Fresh CUDA and LuxCUDA error ERROR: could not load symbol "cublasLtMatmulDescCreate":

From Lux polynomial fitting tutorial I get during the training step

ERROR: could not load symbol "cublasLtMatmulDescCreate":
The specified procedure could not be found.

I did the Cuda.test() and got errors

core/nvml                                     (3) |         failed 
versioninfo()
Julia Version 1.10.3
Commit 0b4590a550 (2024-04-30 10:59 UTC)
Build Info:
  Official https://julialang.org/ release
Platform Info:
  OS: Windows (x86_64-w64-mingw32)
  CPU: 28 × 13th Gen Intel(R) Core(TM) i7-13850HX
  WORD_SIZE: 64
  LIBM: libopenlibm
  LLVM: libLLVM-15.0.7 (ORCJIT, goldmont)
Threads: 10 default, 0 interactive, 5 GC (on 28 virtual cores)
Environment:
  JULIA_EDITOR = code
  JULIA_NUM_THREADS = 10
CUDA.versioninfo()
CUDA runtime 12.4, artifact installation
CUDA driver 12.2
NVIDIA driver 538.27.0

CUDA libraries:
- CUBLAS: 12.4.5
- CURAND: 10.3.5
- CUFFT: 11.2.1
- CUSOLVER: 11.6.1
- CUSPARSE: 12.3.1
- CUPTI: 22.0.0
- NVML: 12.0.0+538.27

Julia packages:
- CUDA: 5.3.4
- CUDA_Driver_jll: 0.8.1+0
- CUDA_Runtime_jll: 0.12.1+0

Toolchain:
- Julia: 1.10.3
- LLVM: 15.0.7

1 device:
  0: NVIDIA RTX 3500 Ada Generation Laptop GPU (sm_89, 10.931 GiB / 11.994 GiB available)

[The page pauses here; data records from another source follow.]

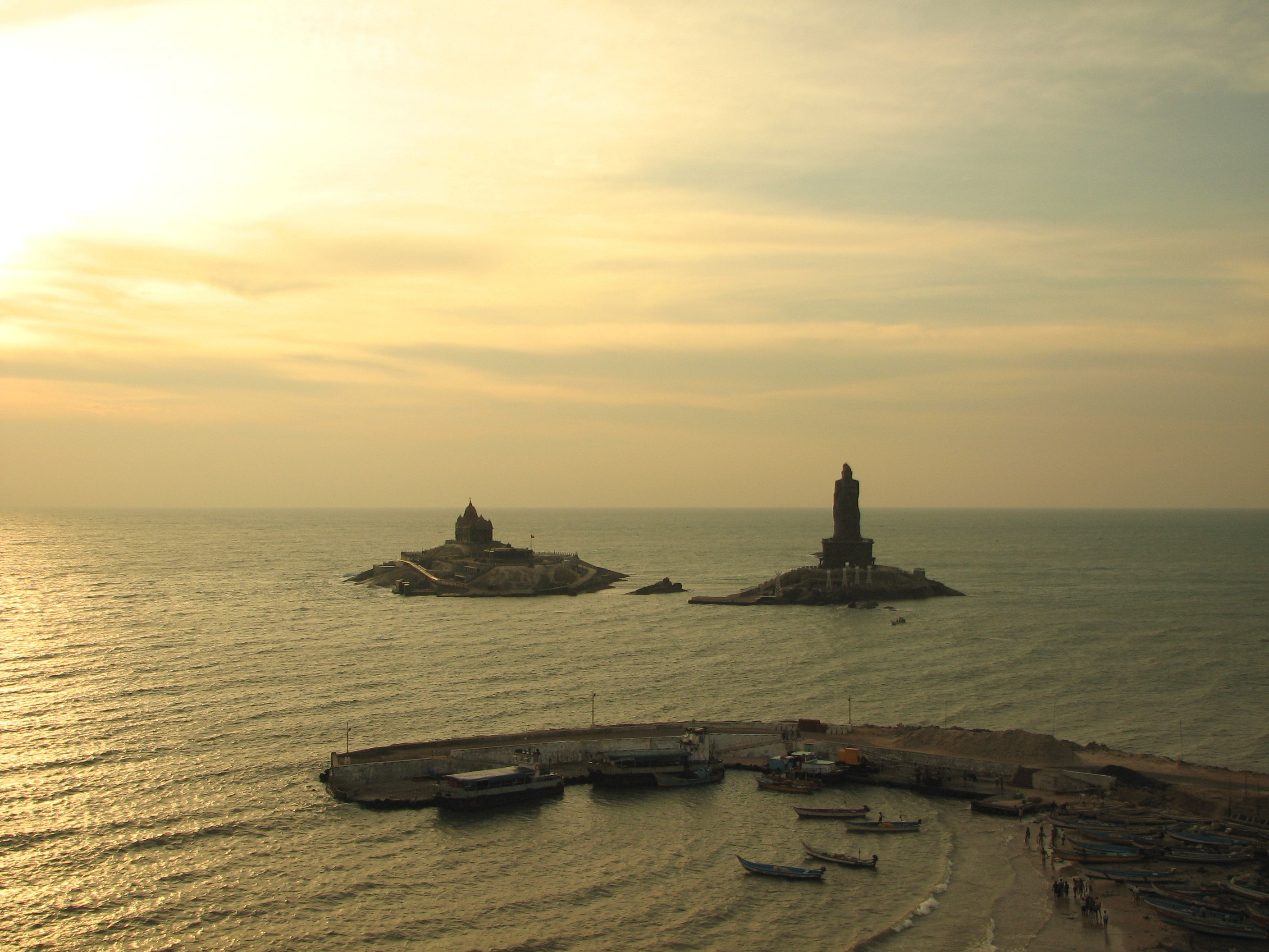 self-made image ; Author's name : Infocaster
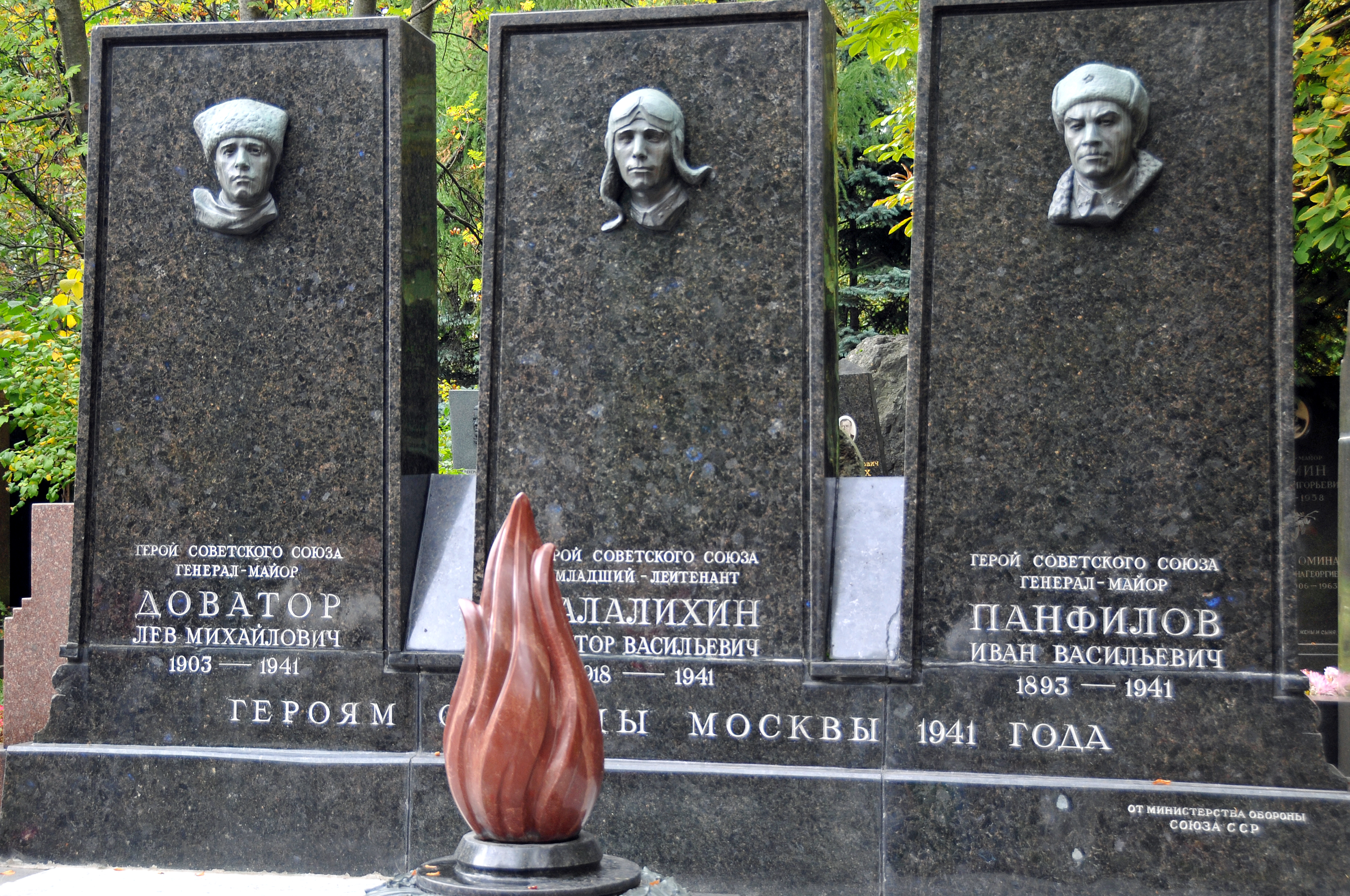 PLEASE, no multi invitations in your comments. Thanks. I AM POSTING MANY DO NOT FEEL YOU HAVE TO COMMENT ON ALL - JUST ENJOY. A monument to the defenders of Moscow in 1941
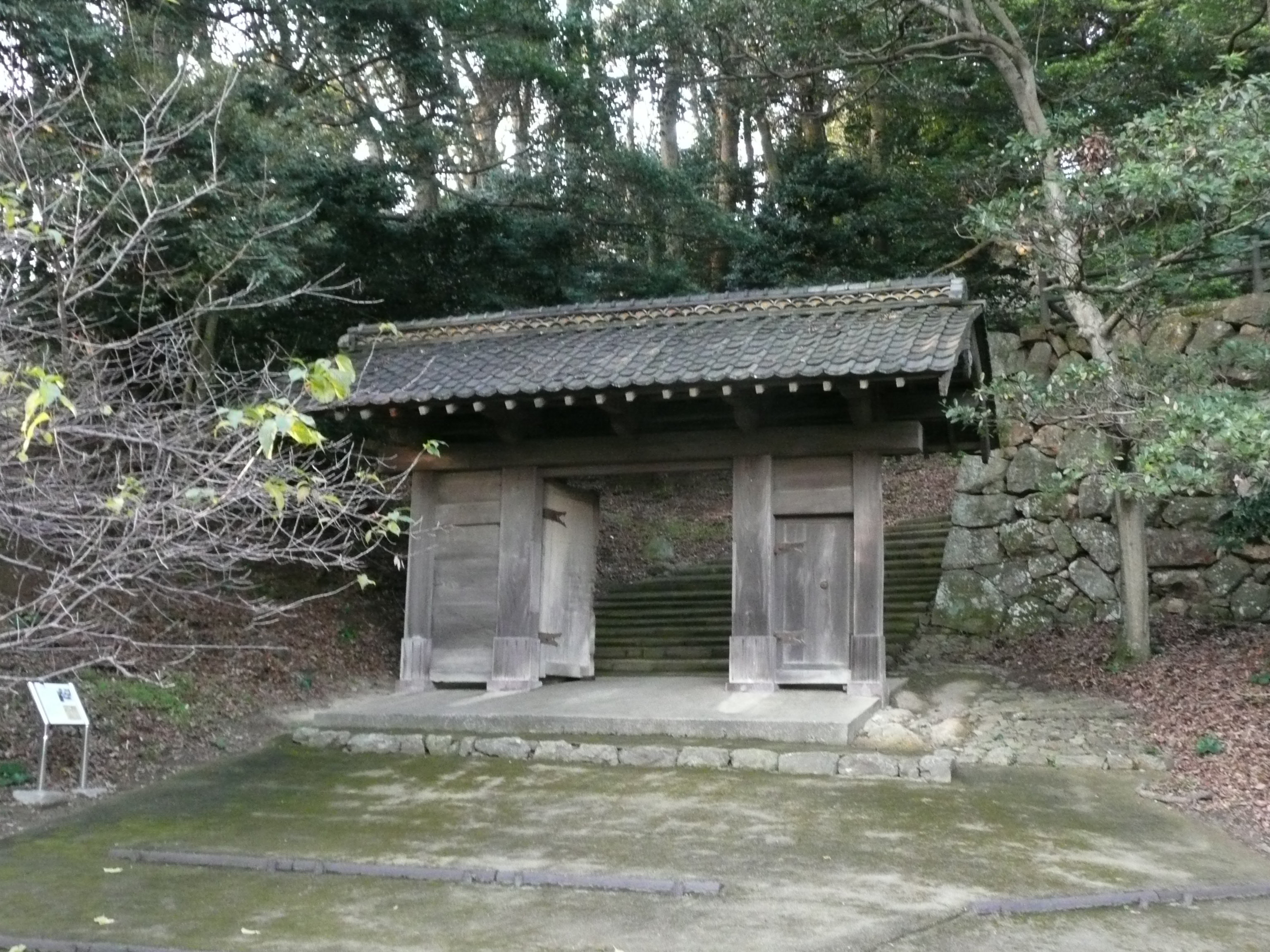 浜田城に移築されている津和野藩の門
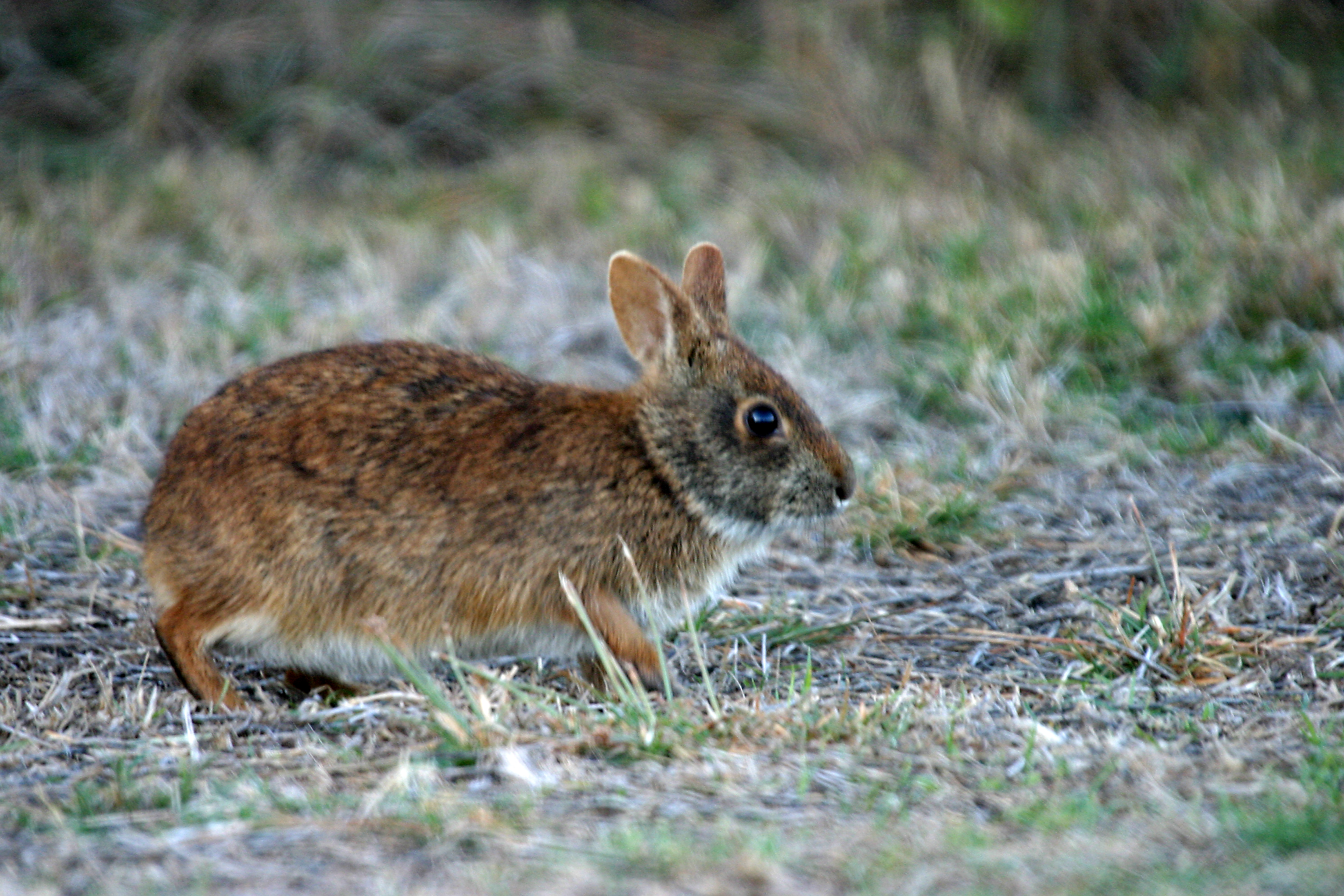 Marsh Rabbit NPSPhoto, R. Cammauf
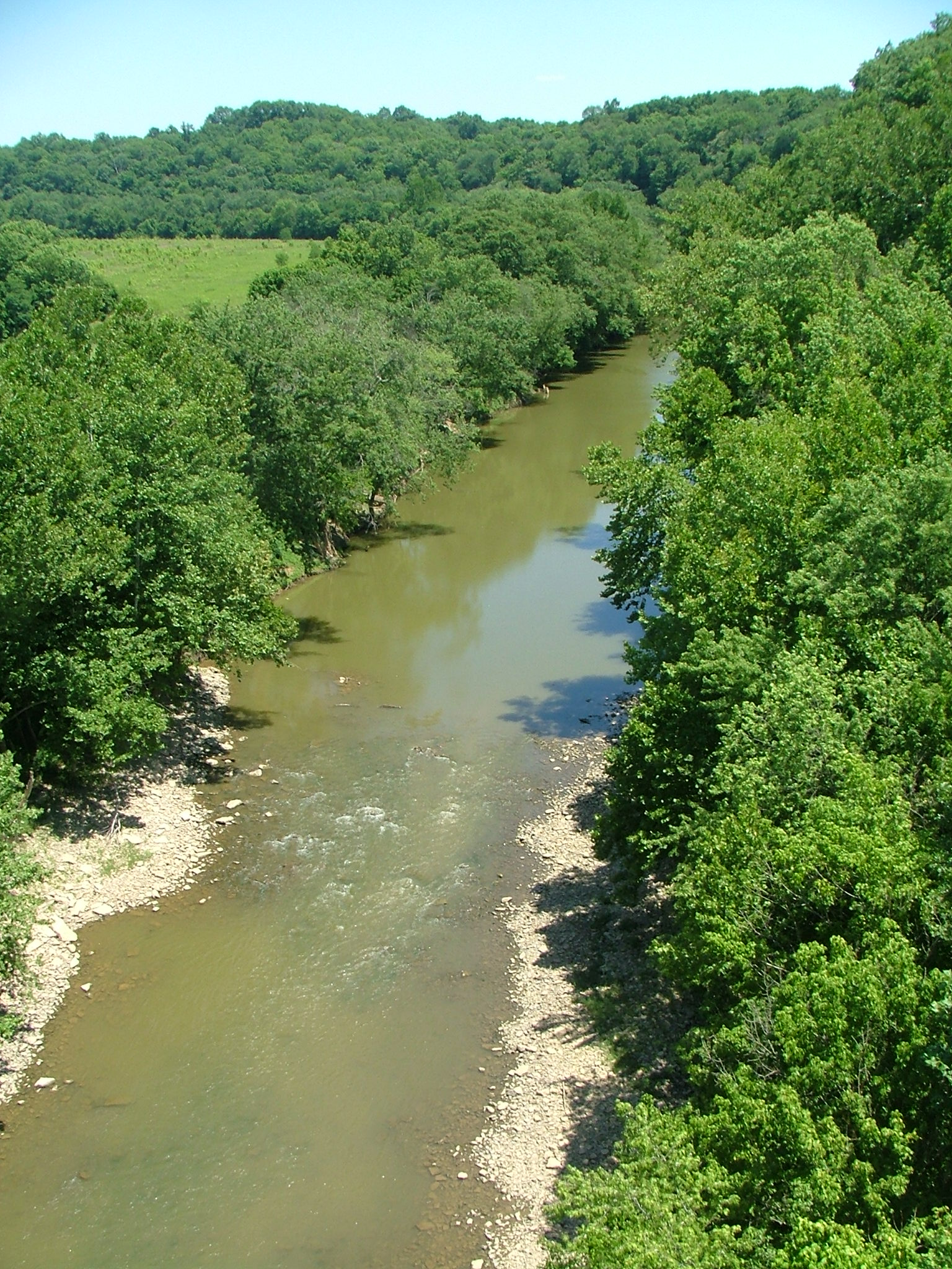 The Licking River from US 68 bridge near Blue Licks Battlefield State Park
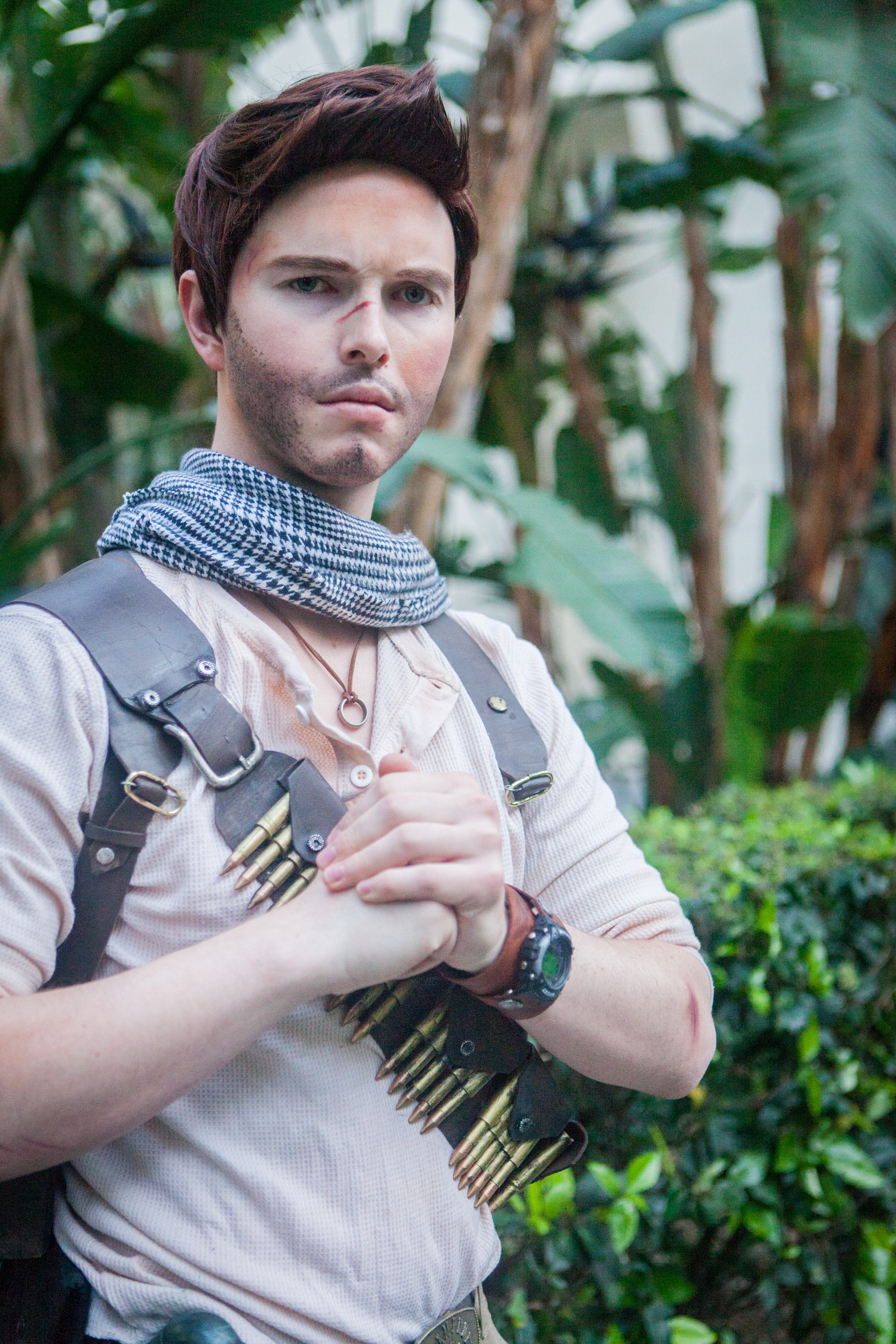 Wondercon 2014-7775

Should I specify some path to cublasLtMatmulDescCreate if yes where should it be?

@maleadt CuBLASLt should be present in all the new CUDA versions, right?

Yeah, but we seem to be ccalling libcublas instead of libcublasLt. Can you open an issue?

Thanks for looking into it.

Note that this seems to be a Windows only issue since it works on my WSL (however GPU is much slower than CPU while training, even large models where the GPU cost should be negligible).

can you set CUDA.allowscalar(false) and check if any of the dispatches are hitting generic kernels?

I tested in both Windows and WSL (not sure which you were referring to)
It does produce the same error on Windows and does not change the timing in WSL.

My bad for WSL seems indeed faster with GPU when adding layers.

Now while precompiling (on Windows) I got this warning

│  ┌ Warning: cuBLASLt is not functional on this system. We won't be able to use optimized implementations of certain matmul operations.

Yes, we try to detect if the current cuBLASLt setting works for the given system, and if it doesn’t, we just use cuBLAS.

I got the same error using the LuxCUDA.jl package on Windows for a tutorial on NeuralODEs. It occurred just when I try to solve the problem on the GPU.

What’s the reason for that? CUBLASLt should work fine on Windows.

It is this error:

ERROR: could not load symbol "cublasLtMatmulDescCreate":
The specified procedure could not be found.

It is probably stemming from the ccall into libcublas instead of libcublaslt (the problem you mentioned). I added a check in __init__() to verify if a simple matmul works via cuBLASLt and if not, don’t try to use that at runtime.

Are you getting the error on the latest releases? Or are you simply getting a warning, in which case you should ignore it?

I think I was getting that on the latest releases. I remember that it was not just a warning, the operations on the GPU did not work.

This should be fixed on the latest version of CUDA.jl.